- WHAT IS BEING ASKED -
The lines below, from the one holding "Tutaj czeka na" through the one holding "Bijuterias de broche", are to be restated word for word, with all images left out.

- DATA TO PROCESS -
· · ·

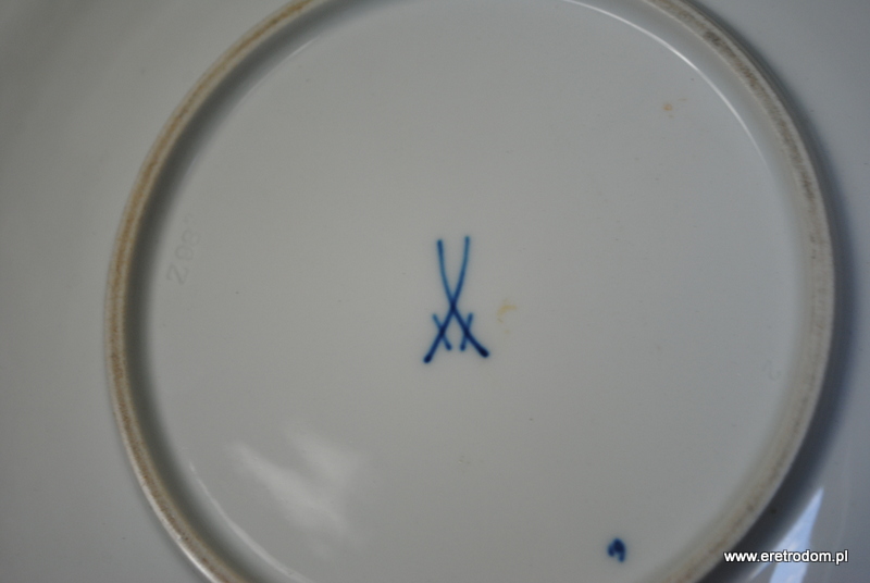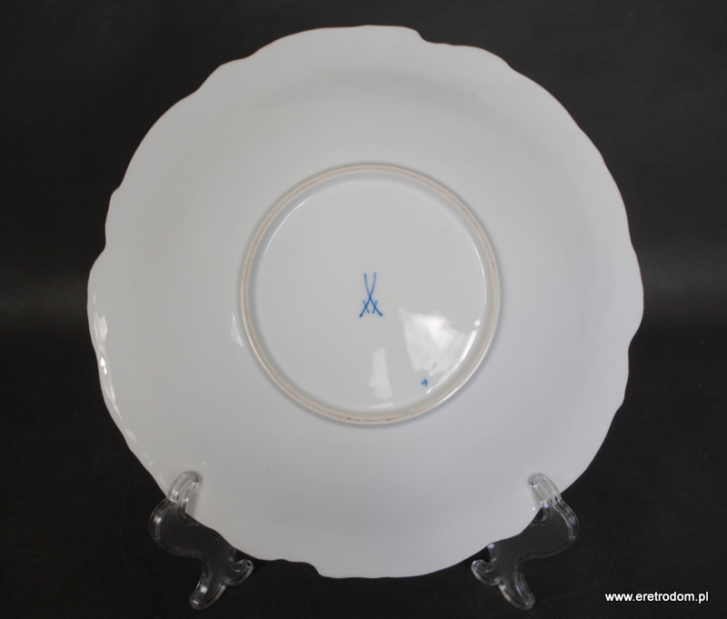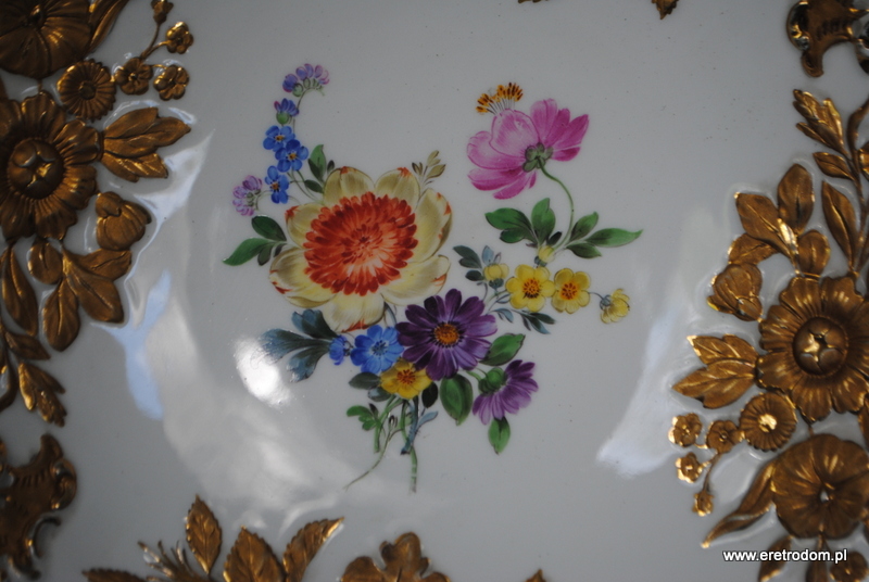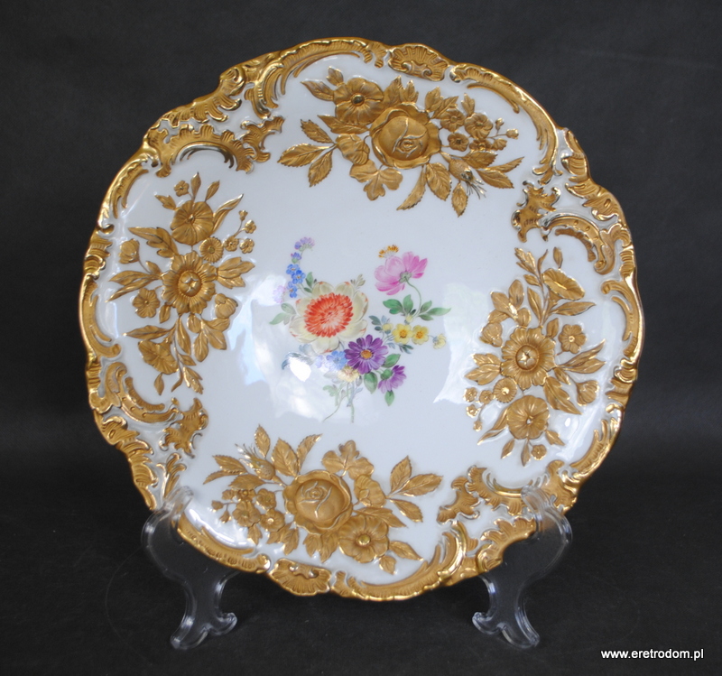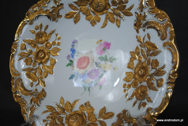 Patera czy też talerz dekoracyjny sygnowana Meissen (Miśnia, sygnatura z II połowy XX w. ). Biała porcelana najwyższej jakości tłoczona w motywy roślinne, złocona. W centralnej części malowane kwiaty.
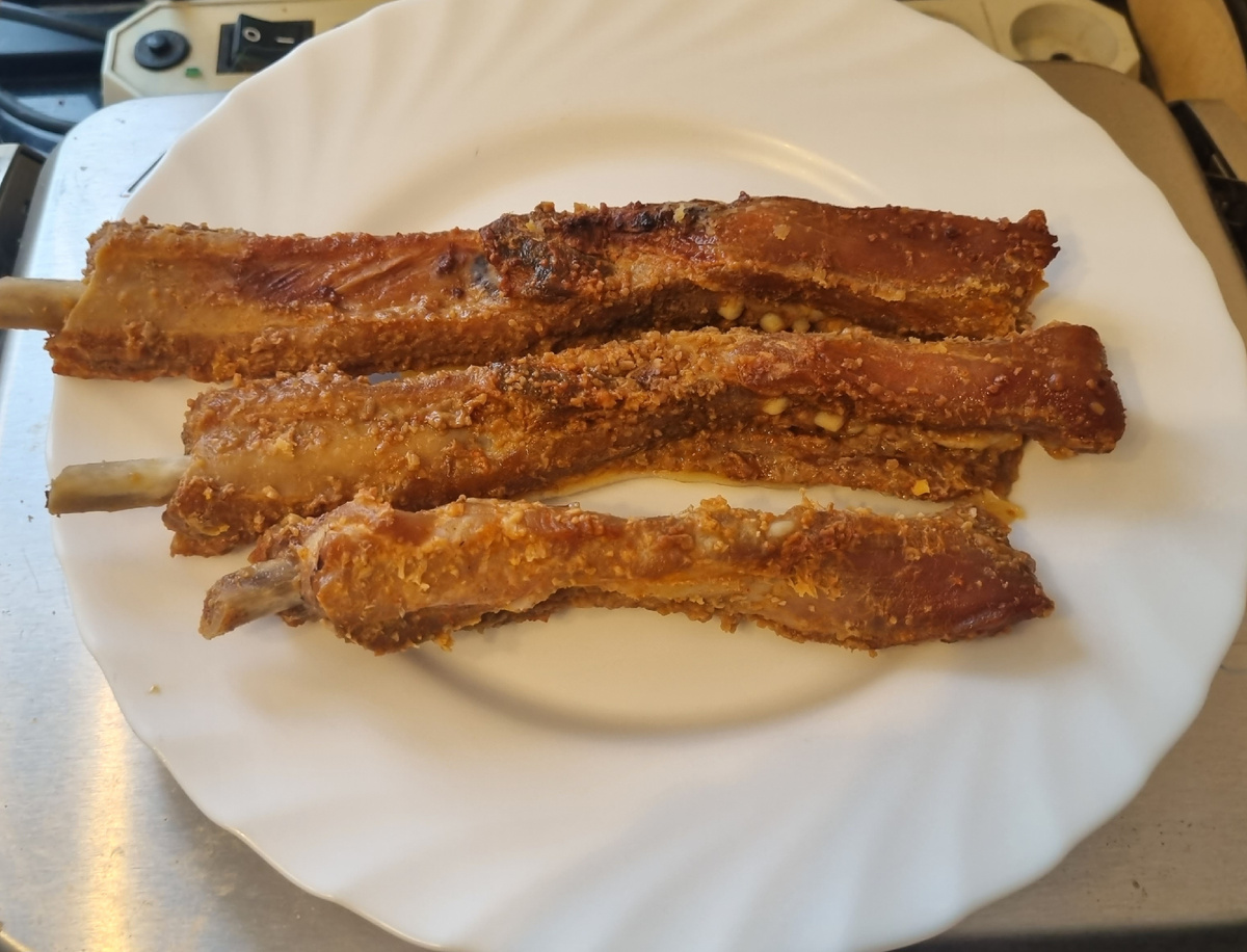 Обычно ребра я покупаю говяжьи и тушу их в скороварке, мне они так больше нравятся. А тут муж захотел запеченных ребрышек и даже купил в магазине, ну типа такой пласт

· · ·

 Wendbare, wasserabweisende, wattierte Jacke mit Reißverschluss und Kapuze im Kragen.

· · ·

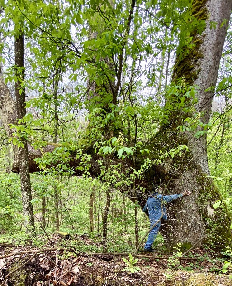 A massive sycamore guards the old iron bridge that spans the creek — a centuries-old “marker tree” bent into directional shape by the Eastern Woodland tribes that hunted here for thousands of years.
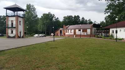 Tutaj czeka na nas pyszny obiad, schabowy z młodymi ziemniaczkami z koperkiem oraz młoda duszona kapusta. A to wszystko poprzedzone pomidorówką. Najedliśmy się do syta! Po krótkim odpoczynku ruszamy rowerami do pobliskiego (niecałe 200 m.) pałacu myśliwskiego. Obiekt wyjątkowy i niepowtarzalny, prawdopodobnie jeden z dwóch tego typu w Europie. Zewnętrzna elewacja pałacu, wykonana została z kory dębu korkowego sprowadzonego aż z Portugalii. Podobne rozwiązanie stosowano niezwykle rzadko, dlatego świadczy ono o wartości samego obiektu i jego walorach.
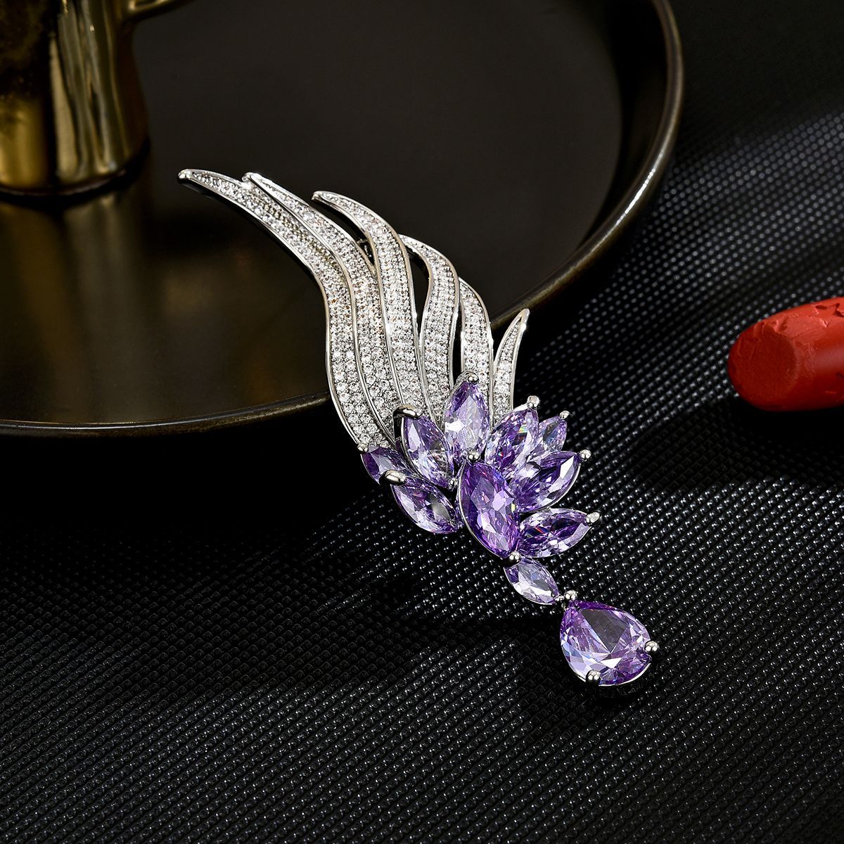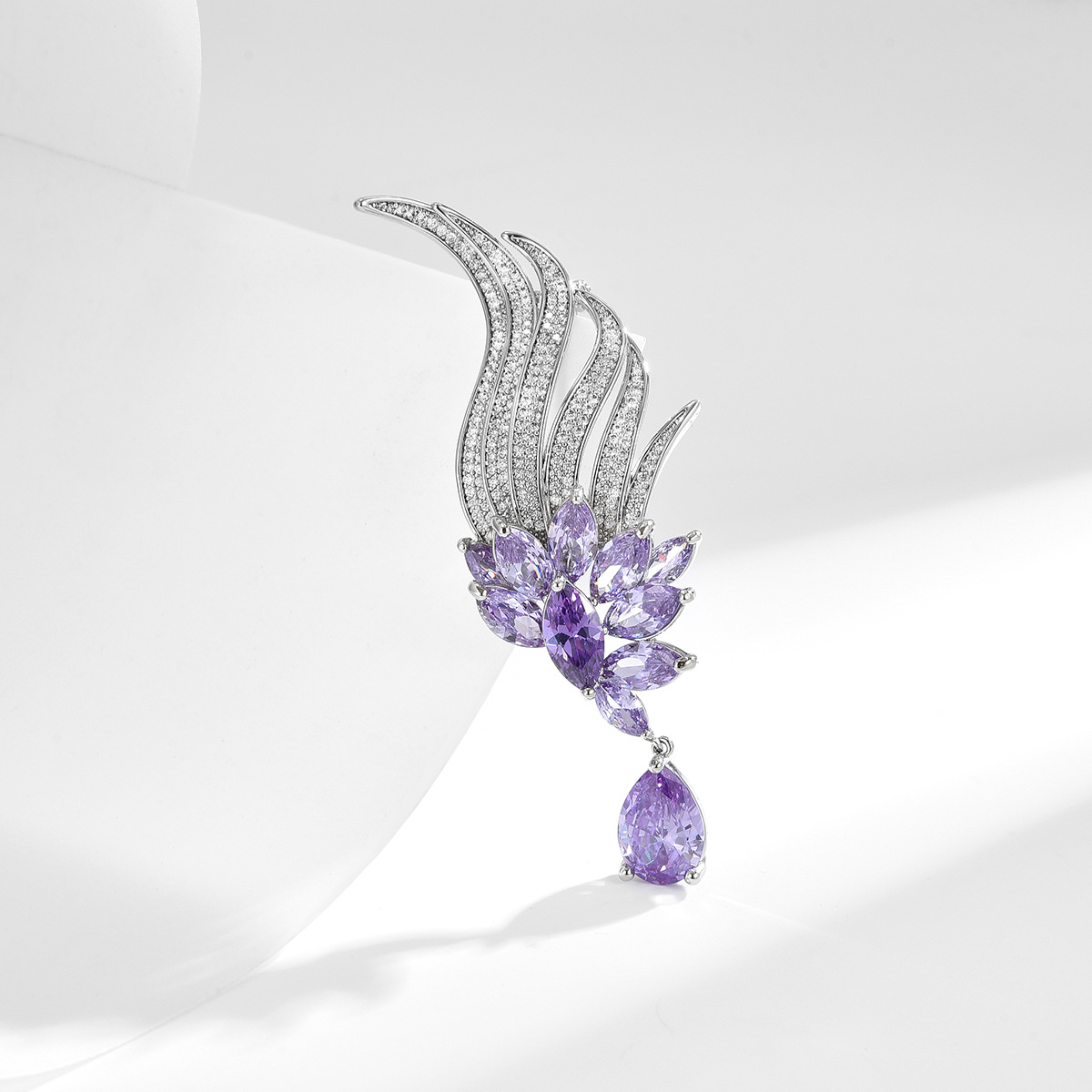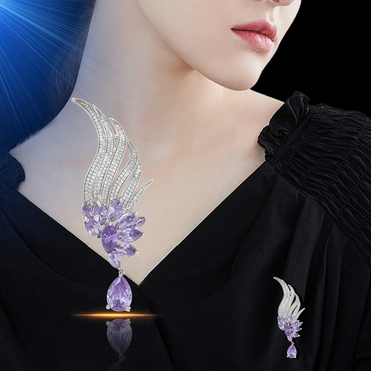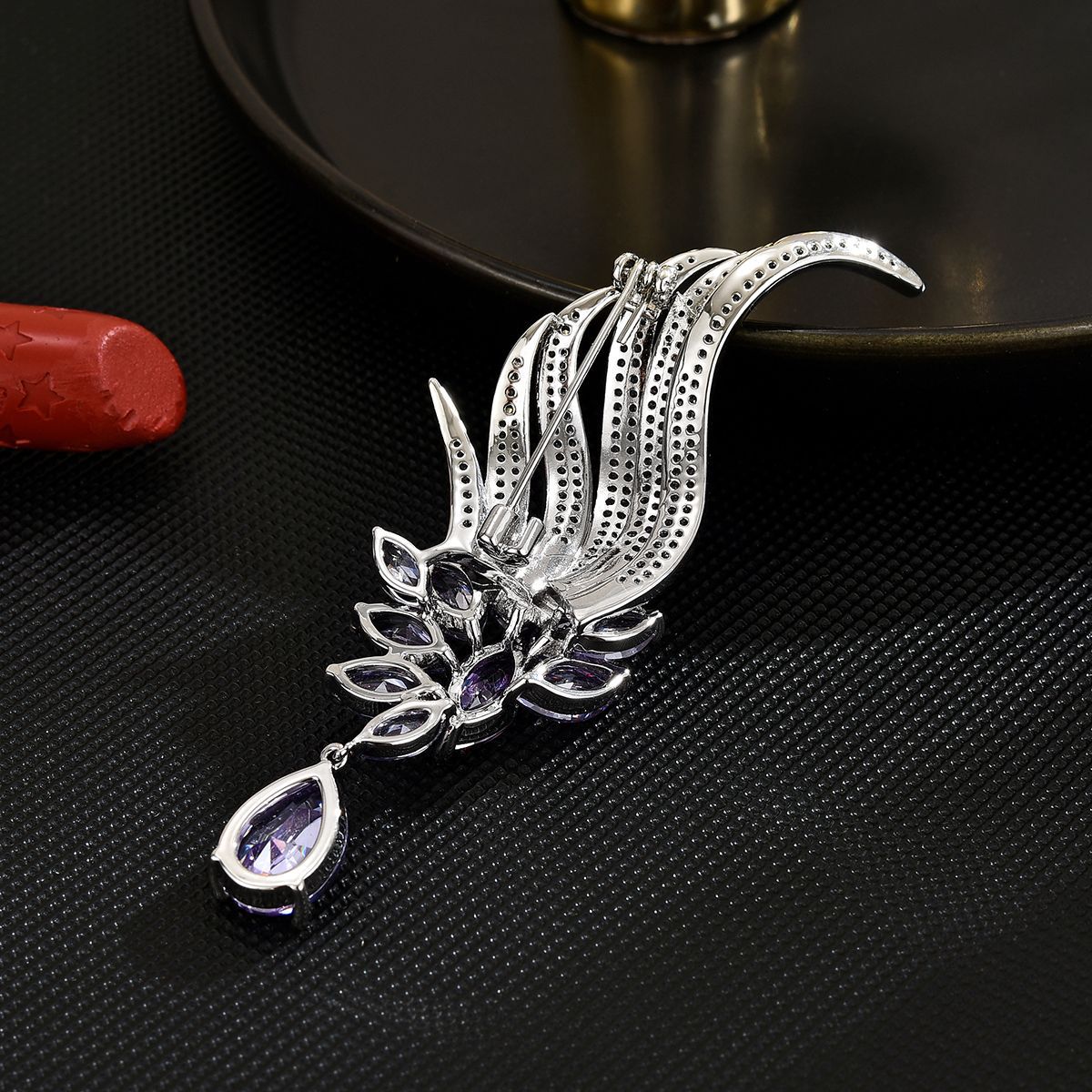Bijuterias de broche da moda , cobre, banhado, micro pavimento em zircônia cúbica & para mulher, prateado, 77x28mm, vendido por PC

· · ·

- TASK SOLUTION -
 Tutaj czeka na nas pyszny obiad, schabowy z młodymi ziemniaczkami z koperkiem oraz młoda duszona kapusta. A to wszystko poprzedzone pomidorówką. Najedliśmy się do syta! Po krótkim odpoczynku ruszamy rowerami do pobliskiego (niecałe 200 m.) pałacu myśliwskiego. Obiekt wyjątkowy i niepowtarzalny, prawdopodobnie jeden z dwóch tego typu w Europie. Zewnętrzna elewacja pałacu, wykonana została z kory dębu korkowego sprowadzonego aż z Portugalii. Podobne rozwiązanie stosowano niezwykle rzadko, dlatego świadczy ono o wartości samego obiektu i jego walorach.
Bijuterias de broche da moda , cobre, banhado, micro pavimento em zircônia cúbica & para mulher, prateado, 77x28mm, vendido por PC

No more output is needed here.